• **EXERCISE MATERIAL**:
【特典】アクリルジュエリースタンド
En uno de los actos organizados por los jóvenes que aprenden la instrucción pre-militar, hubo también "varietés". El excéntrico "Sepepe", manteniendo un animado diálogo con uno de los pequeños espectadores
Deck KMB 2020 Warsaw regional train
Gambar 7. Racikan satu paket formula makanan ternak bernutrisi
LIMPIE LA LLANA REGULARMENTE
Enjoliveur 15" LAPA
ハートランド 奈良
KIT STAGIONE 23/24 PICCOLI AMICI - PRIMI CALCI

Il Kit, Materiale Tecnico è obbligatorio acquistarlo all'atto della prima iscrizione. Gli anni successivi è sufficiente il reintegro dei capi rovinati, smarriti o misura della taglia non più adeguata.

==

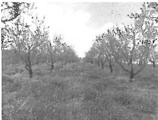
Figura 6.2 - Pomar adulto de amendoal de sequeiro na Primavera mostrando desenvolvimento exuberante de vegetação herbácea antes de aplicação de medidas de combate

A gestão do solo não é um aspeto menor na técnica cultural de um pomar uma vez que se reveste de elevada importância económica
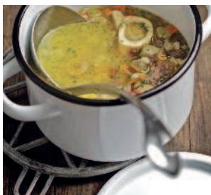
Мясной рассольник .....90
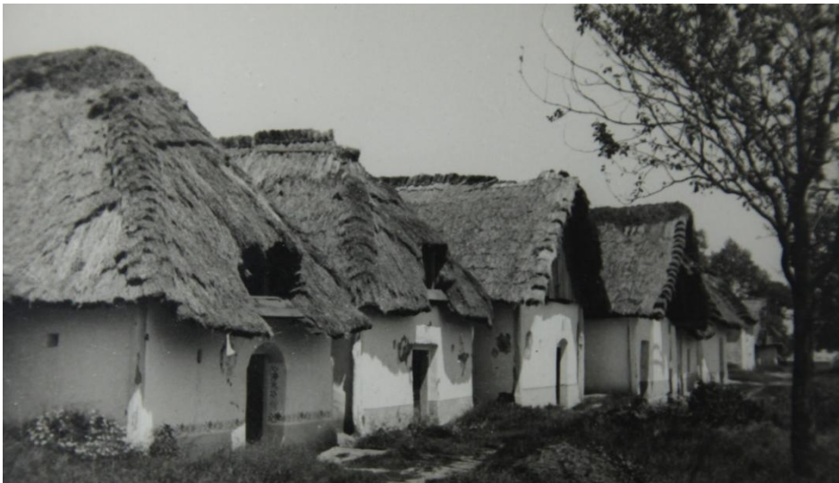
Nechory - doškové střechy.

• **EXERCISE DETAILS**: Looking at the records above, return exactly the lines from the line with "KIT STAGIONE 23/24" to the line with "Il Kit, Materiale", both ends included.

• **RESPONSE TO THIS EXERCISE**:
KIT STAGIONE 23/24 PICCOLI AMICI - PRIMI CALCI

Il Kit, Materiale Tecnico è obbligatorio acquistarlo all'atto della prima iscrizione. Gli anni successivi è sufficiente il reintegro dei capi rovinati, smarriti o misura della taglia non più adeguata.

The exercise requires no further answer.